「…………」
「地球の食べ物って美味しいんだねリト!」
「…………」
「リト?」
「…………何でもない」
「リト。しじみの味噌汁何かまずかった?」
「いや。食欲が無いだけだ。ご馳走様」
そう言ってリトは自室に籠る。
「また、厄介なことになったな」
リトは一人ごちる。
話はザスティンが持って来た話まで遡る。
「ザスティン。話とはなんだ」
リトはザスティンから話を聞いた。
最後まで黙って聞いたリトは口を開く。
「ザスティン。一つ言わせてもらう」
「なんだ?」
「誰も救わないなら俺が救う。邪魔する奴は俺が殺る!」
リトが聞いた話は頭を抱える話だった。
要約すると、ララを守り切れなかった時、地球は消滅する。
王というのは無茶を言うものらしい。
リトは最悪王を殺す複数のプランを考えていた。
まずは暗殺である。
これは千里眼で位置さえ分かれば可能だ。
リトには足音も気配もない。
確実に背後を取れ、アキレス腱を切断。そして首を取る。
正面からでも相対できる。約束された勝利の剣、
破壊神の手翳、天地乖離す開闢の星etc。
これらの宝具であれば対抗可能だ。
地球へのダメージも深刻だろうが、そこまで気にしている余裕はない。
…………何を考えているんだろうな。
リトは自嘲気味に笑った。
リトがそう思っているとドアがノックされた。
「リト、いいかな?」
「ララか? いいぞ」
ララがリトの部屋に入ってくる。
「リト……」
「どうしたララ?」
「リト何悩んでいるの?」
「別に何も……」
「嘘。家に帰ってから様子がおかしいよ?」
「……ザスティンから言われたことを話そうか」
リトはザスティンとの会話の一部始終を話した。
「……まあ、そういうわけだ」
「そんな! パパ勝手過ぎ!」
「怒らなくていい。もしもの時はララの父親を殺すと決めてるしな」
「え?」
「俺なら殺せる。……でもなララは嫌だろう?」
「…………」
「俺は誰も救わないなら俺が救う。邪魔する奴は俺が殺る」
「リト…………」
「他の婚約者が邪魔するなら殺すまでだ」
「そんな…………!?」
「俺は戦闘には加減が効かない。これは絶対譲れない」
「…………リトは覚悟を決めたんだね」
「ああ。これが咎だとしてもな」
リトは悲しい笑顔を見せた。
これならば退屈に飼い殺された方が良かった。
だが、決めたことだ。
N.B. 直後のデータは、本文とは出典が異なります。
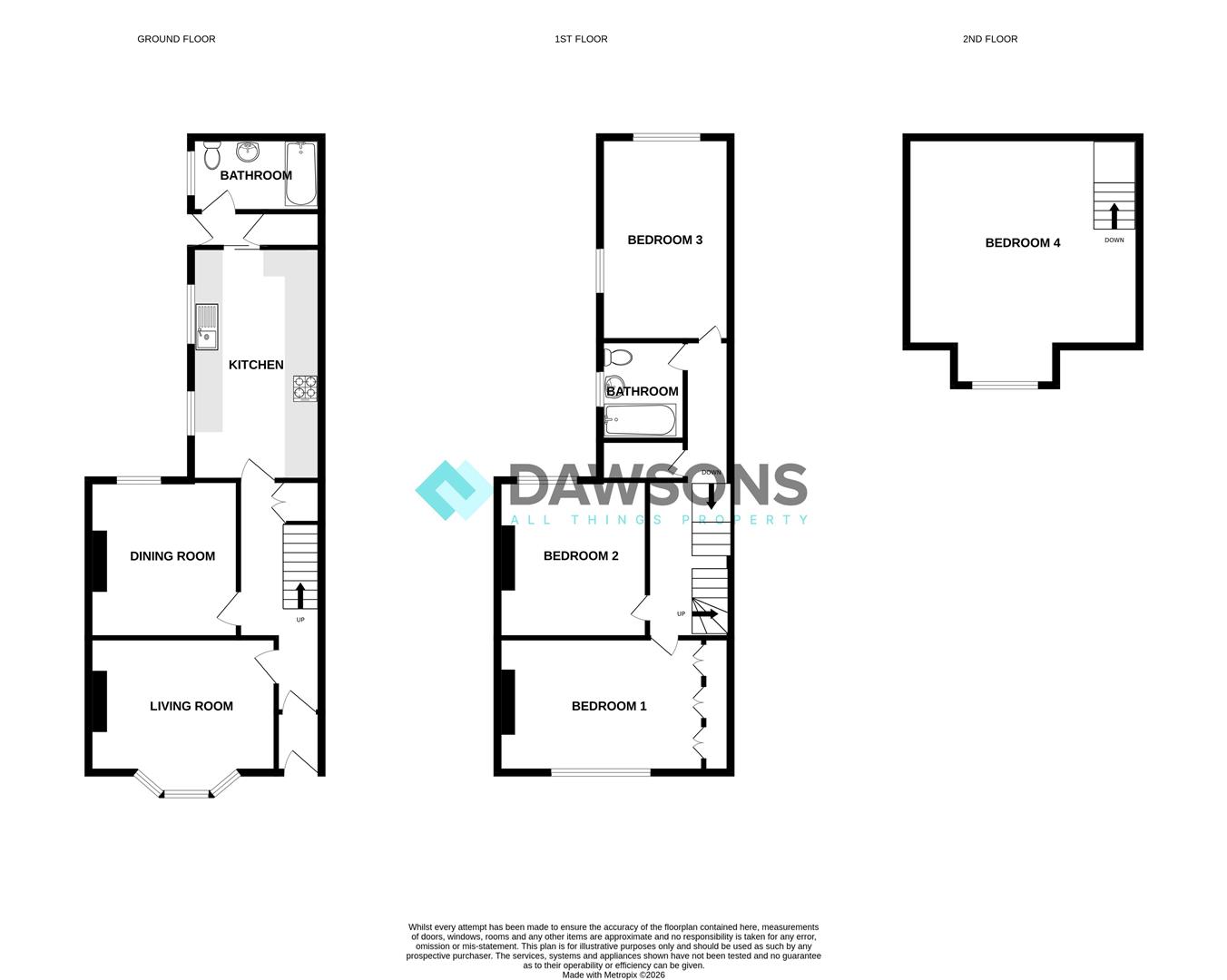 Arranged over three floors, the property comprises an entrance hallway, lounge, dining room, kitchen, inner hallway, and bathroom to the ground floor. The first floor provides three bedrooms and an additional bathroom, while the second floor features an attic room, offering useful extra space.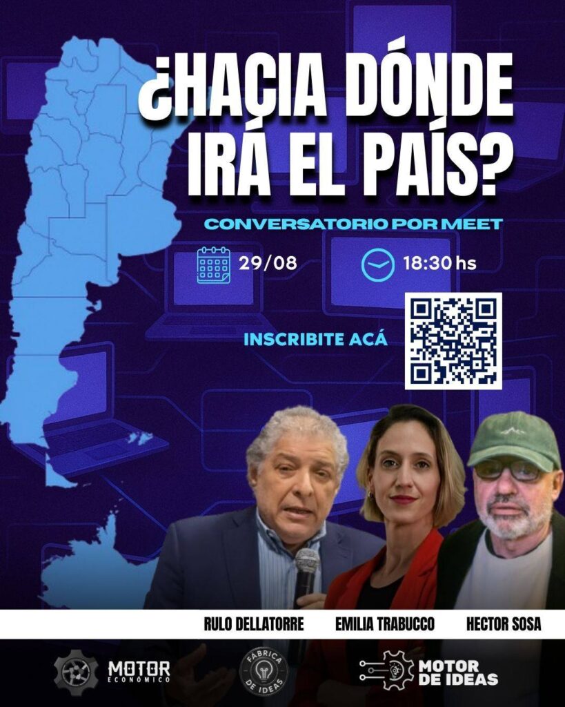 Este viernes 18.30 hs. por el Meet de «Fábrica de Ideas» charla de Dellatorre/Sosa/Trabucco: ¿Hacia dónde va la Argentina?

ただ力を振るうのみ。
ララはリトに抱きついた。
「ララ……?」
「…………リトが覚悟をもって決めたのなら反対しないよ。
でも、辛くなったら私を頼って」
「…………ああ」
「~~♪」
「?。何この曲?」
「マザーグース。My Fair Lady~♪」
綺麗な月が空に浮かんでいた。
翌日
リトは体育でサッカーをしていた。
リトは自身に引きつけつつ、ボールを味方へ供給する。
「くそ! やっぱリトうめえ!」
「ボールが取れそうで取れない!」
「囲め! 囲め!」
こんな感じでサッカーが行われた。
お昼
「リト! お弁当食べよ!
蜜柑が私の分も作ってくれたんだ!」
「……っと。まあいいか」
リト達は弁当を食べ始めた。
プルルルル。
その時電子音がした。
リトはそれを取り出す。
「リト。それは何?」
「スマートフォンだ」
「スマートフォン?」
「簡単に言うと小型パソコンに電話機能を組み込んだものだ。
俺が作って近々発売予定だよ」
そう言ってリトは電話に出る。
「…やあ結城リト君」
「その声佐清か。何の用だ?」
「デビルーク星の姫のことで話がある。
もし断ったら同じクラスの女が一人大変なことになるかもねえ」
「場所を言え」
リトは言われた場所へ向かった。